The murder in Tokyo late last week of Hitoshi Igarashi, translator of the Japanese edition of “The Satanic Verses,” which followed the July 3 stabbing in Milan of Ettore Capriolo, the Italian edition’s translator, has elicited no comment, angry or otherwise, from the White House or Downing Street, the Elysee Palace or U.N. headquarters. The words terror and freedom , so often used by Western leaders, are deemed not to pertain in this matter. There would seem to be no place in the new world order for Salmon Rushdie.

Having voted resolutions condemning Iraq for its human-rights violations, the U.N. Security Council maintains without embarrassment its silence on Ayatollah Ruhollah Khomeini’s astonishing decree of February, 1989, sentencing Rushdie to death. The aim was to deny not only Rushdie but anyone connected with the publication of his novel “The Satanic Verses” the most fundamental rights put forth in the United Nation’s own Universal Declarations: the rights to life, security and freedom of the imagination.
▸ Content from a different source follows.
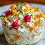 Want to impress your guests? Serve Chris’s Hawaiian Fluff Salad Recipe in clear dessert bowls or individual mason jars layered with fresh fruit slices on the bottom. Another fun idea is to hollow out a pineapple half and use it as a natural bowl—it’s both eye-catching and adds more pineapple aroma to the experience!

Having driven Iraqi troops from Kuwait with a battle cry about respect for international law, Western statesmen balk at raising with Iran its internationally unlawful call for Rushdie’s death. Having satisfied conditions for entering the new world order by sitting out the Gulf War, Iran is being scoured once again by diplomats and international businessmen for signs of “moderates.” Rushdie and his security guards, meanwhile, scour London and its environs every few days for a new safehouse.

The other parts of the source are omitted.